Под конец дороги Перри не чувствовал ног. Они у него распухли, и он шел как в валенках.

Один стражник-старик на последней ночевке ни с того ни с сего сказал Перри:

— И куды мы тебя ведем? Может, на мертвую казнь! Нонешний царь горазд на всякую лютость… Я б убег на глазах! Пора! А ты идешь цыплаком! Кровя, брат, у тебя дохлые — я б залютовал во как и в порку не дался, тем более в казнь!..

XI

Перри привели в Кремль и сдали в башенную тюрьму. Ничего ему не говорили, и Перри перестал пытать судьбу.

В узкое окно он всю ночь видел роскошь природы — звезды — и удивлялся этому живому огню на небе, горевшему в своей высоте и беззаконии.

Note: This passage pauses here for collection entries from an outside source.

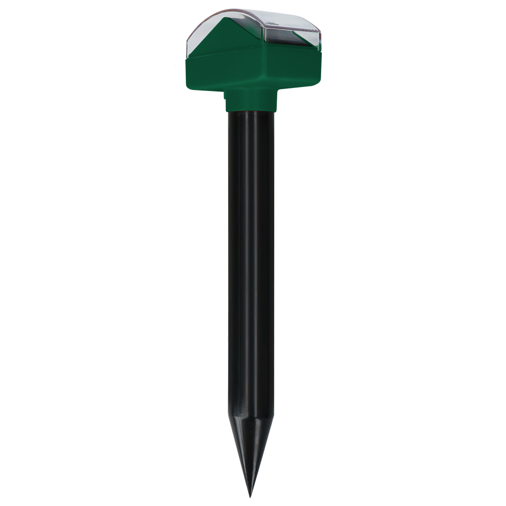 Das Gerät ist mit Smart Control ausgestattet, das 4 verschiedene Arten von Zeit- und Vibrationsintervallen bietet, damit sich die Maulwürfe nicht daran gewöhnen. Das vollständig geschlossene Gehäuse bietet einen Wasserschutz nach IP66.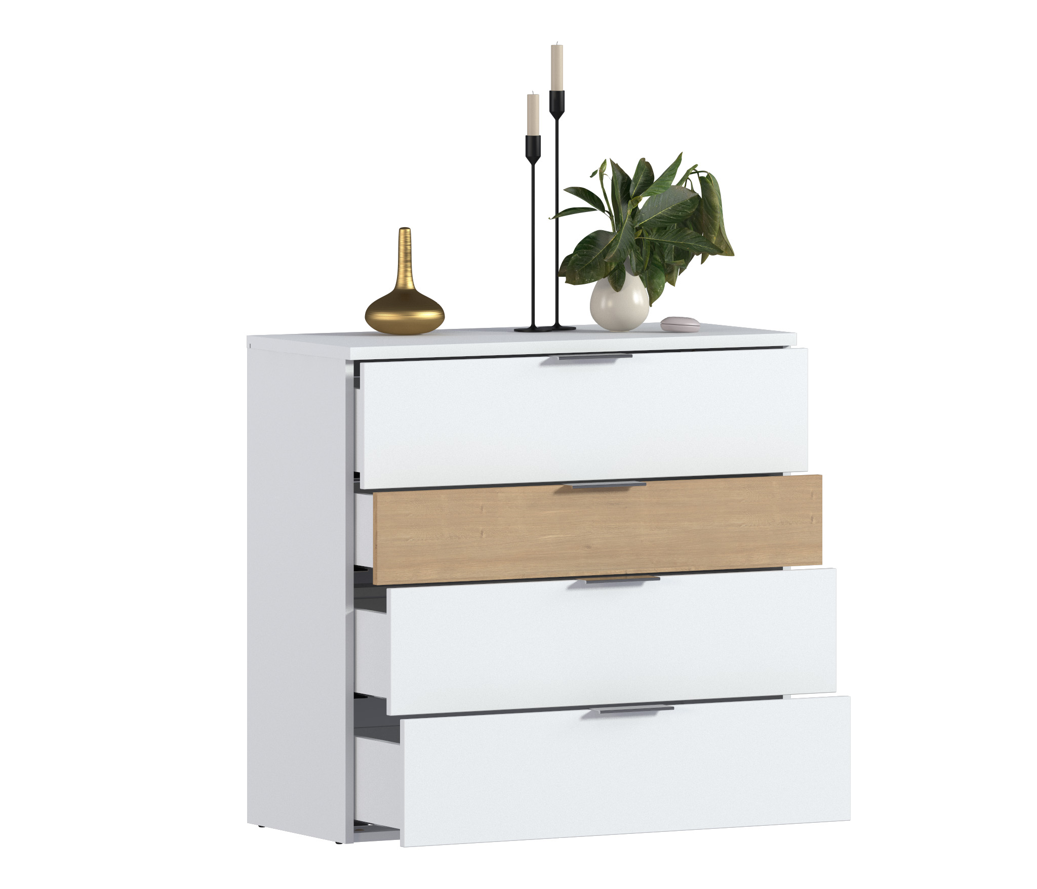Комод имеет четыре вместительных ящика.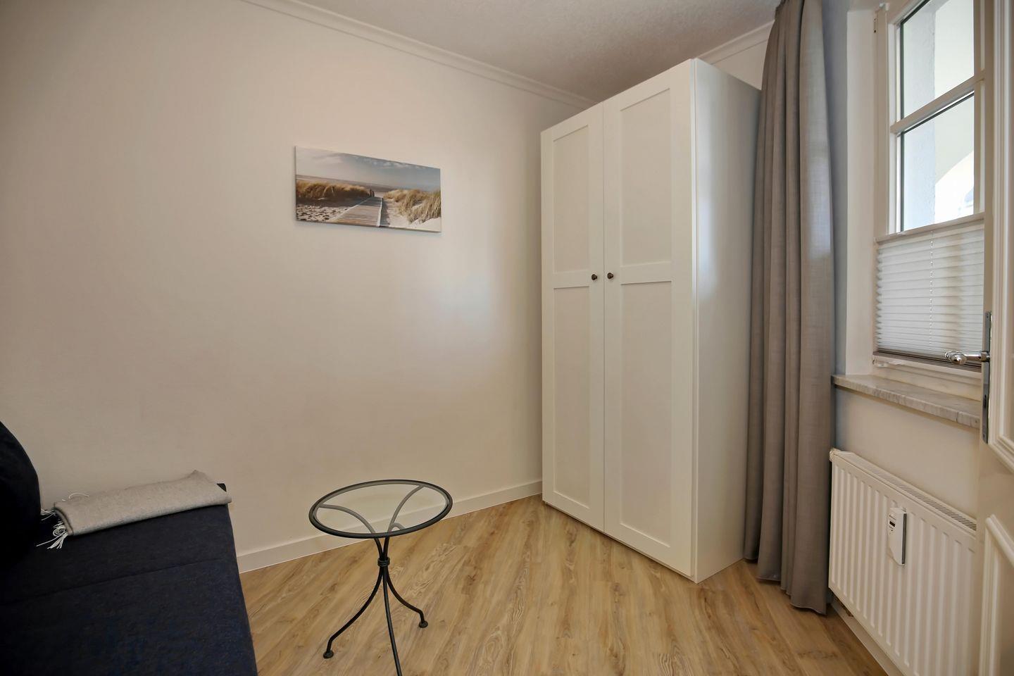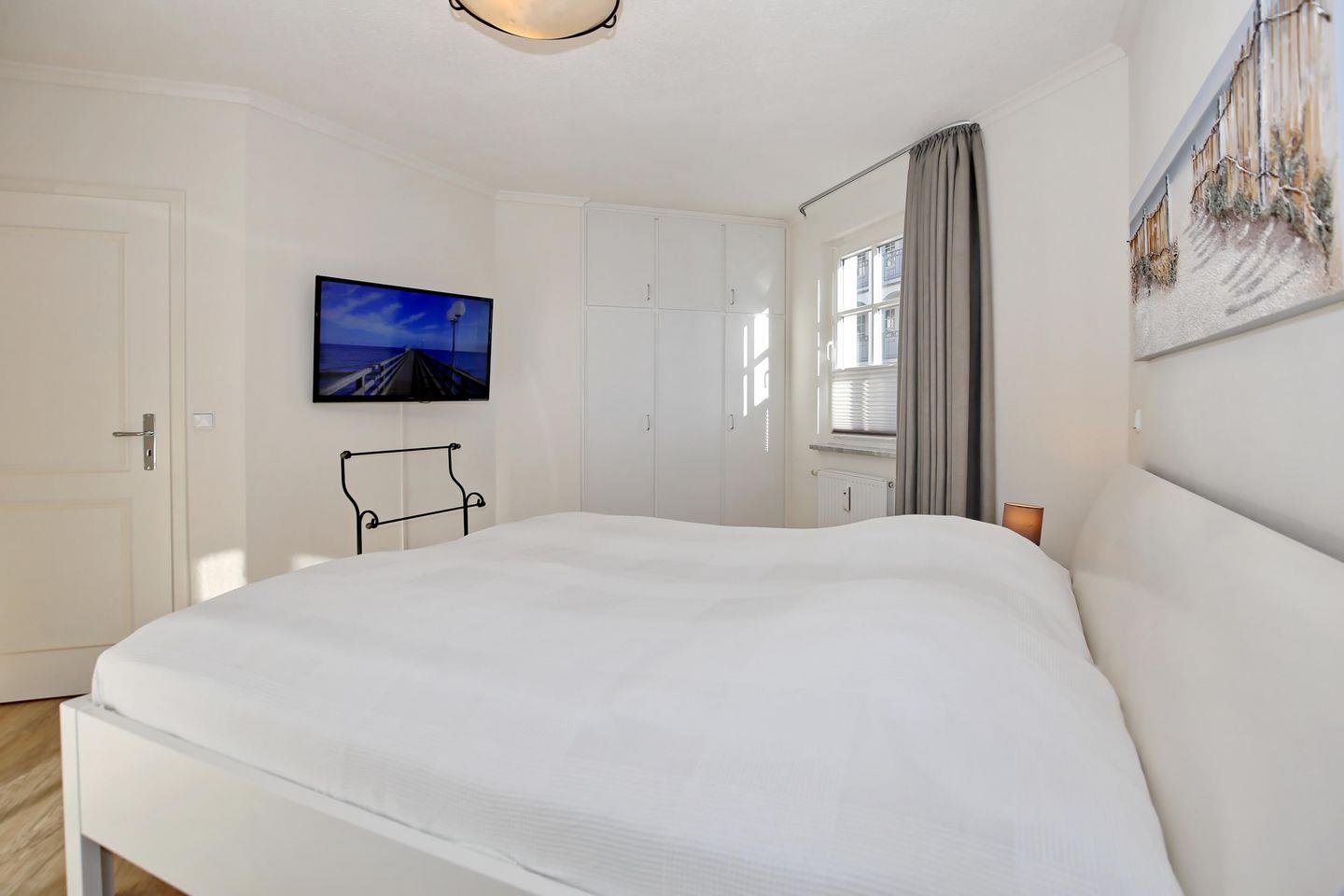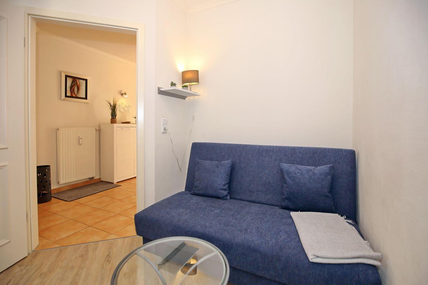 Das erste Schlafzimmer der Ferienwohnung ist für dich mit einem Doppelbett (2 x 90 x 200 cm) sowie einen großen Einbauschrank, wo du ein Bügelbrett und Bügeleisen findest, einen Kleiderschrank und einem TV eingerichtet. Der Kleiderschrank bietet dir viel Stauraum für dein Urlaubsgepäck. Das zweite Schlafzimmer ist mit einer Schlafcouch (140 x 200 cm) ausgestattet. Auch hier bietet dir ein Kleiderschrank Stauraum. Die Schlafcouch (180 x 200 cm) im Wohnbereich wird mit wenigen Handgriffen zu einem Schlafplatz für 2 weitere Personen. In beiden Schlafzimmern sowie im Wohnbereich sind Gardinen, Vorhänge und Plissees als Sichtschutz oder zum Verdunkeln angebracht.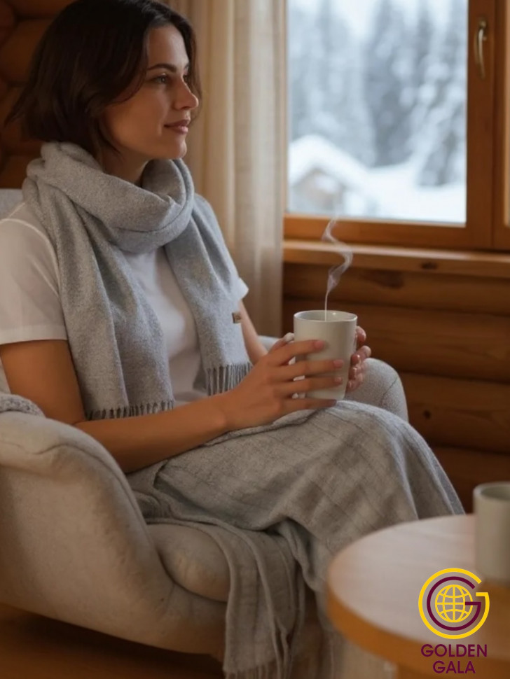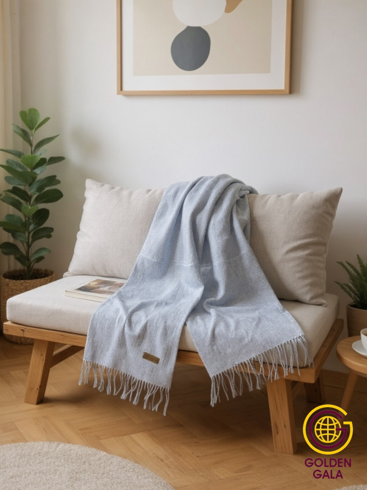 Шарф теплый женский кашемировый Арт 2581Ш/03 (серо-голубой) 10 фото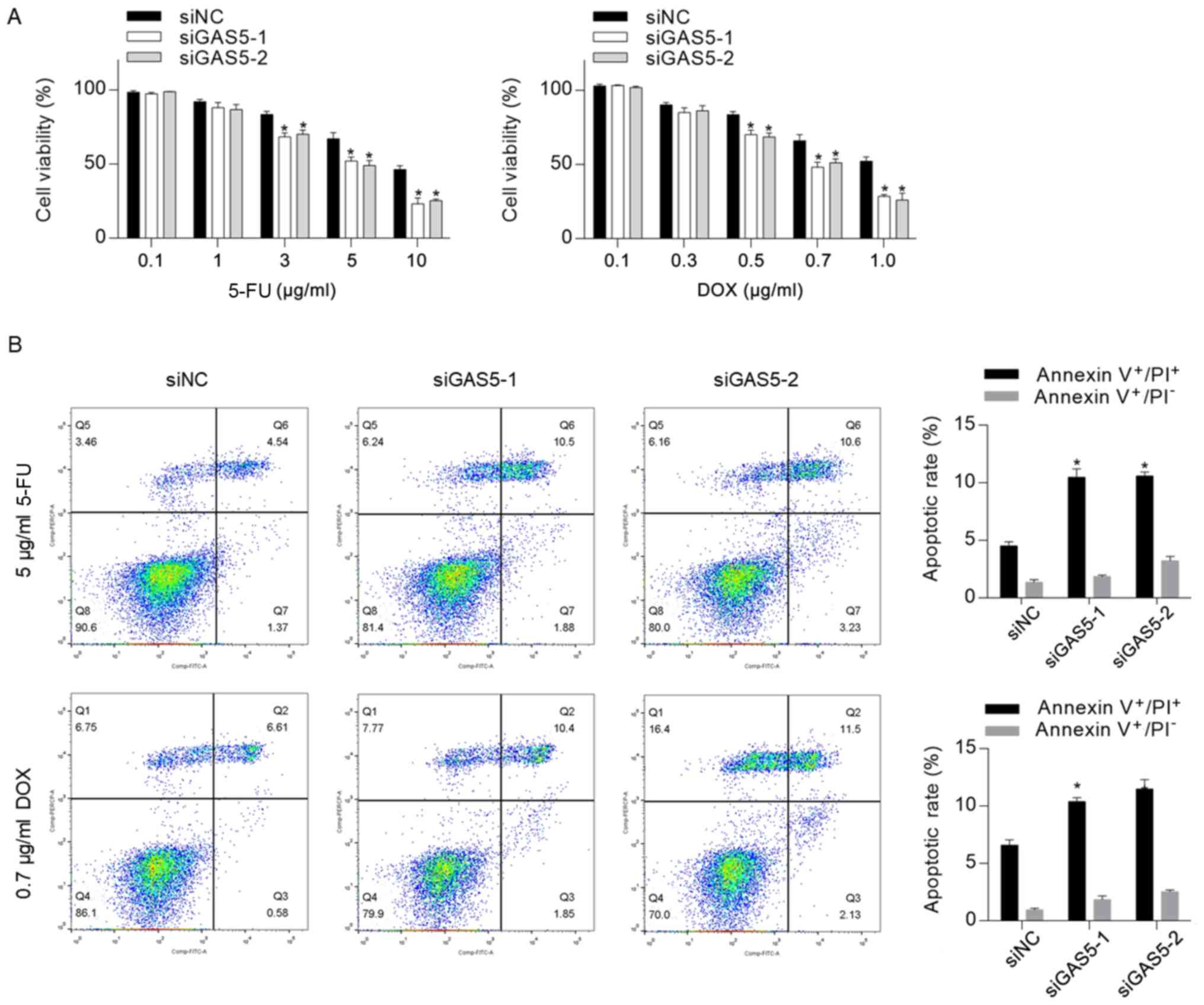 Previous studies have revealed that GAS5, which acts as a tumor suppressor, increased chemosensitivity in several types of cancer, including cervical cancer (21), ovarian cancer (31), pancreatic cancer (22) and clear cell renal cell carcinoma (23). To assess whether knockdown of GAS5 exerted a regulatory role in CSC chemosensitivity, the cytotoxicity of 5-FU and DOX to CSCs was measured, and it was identified that knockdown of GAS5 significantly sensitized CSCs to 5-FU and DOX (Fig. 3A). Moreover, 5 µg/ml 5-FU or 0.7 µg/ml DOX were supplemented into medium for 24-h treatment followed by apoptosis analysis. In line with the cytotoxicity results, it was revealed that GAS5 knockdown significantly increased chemotherapeutic treatment-induced apoptosis (Fig. 3B).

Такая догадка обрадовала Перри, и он беспечно засмеялся на низком глубоком полу высокому небу, счастливо царствовавшему в захватывающем дыханье пространстве.

Перри проснулся сразу, не помня, как он заснул. Проснулся он не сам по себе, а от людей, которые стояли перед ним и негромко говорили, не будя заключенного. Но он сам проснулся, почуяв их.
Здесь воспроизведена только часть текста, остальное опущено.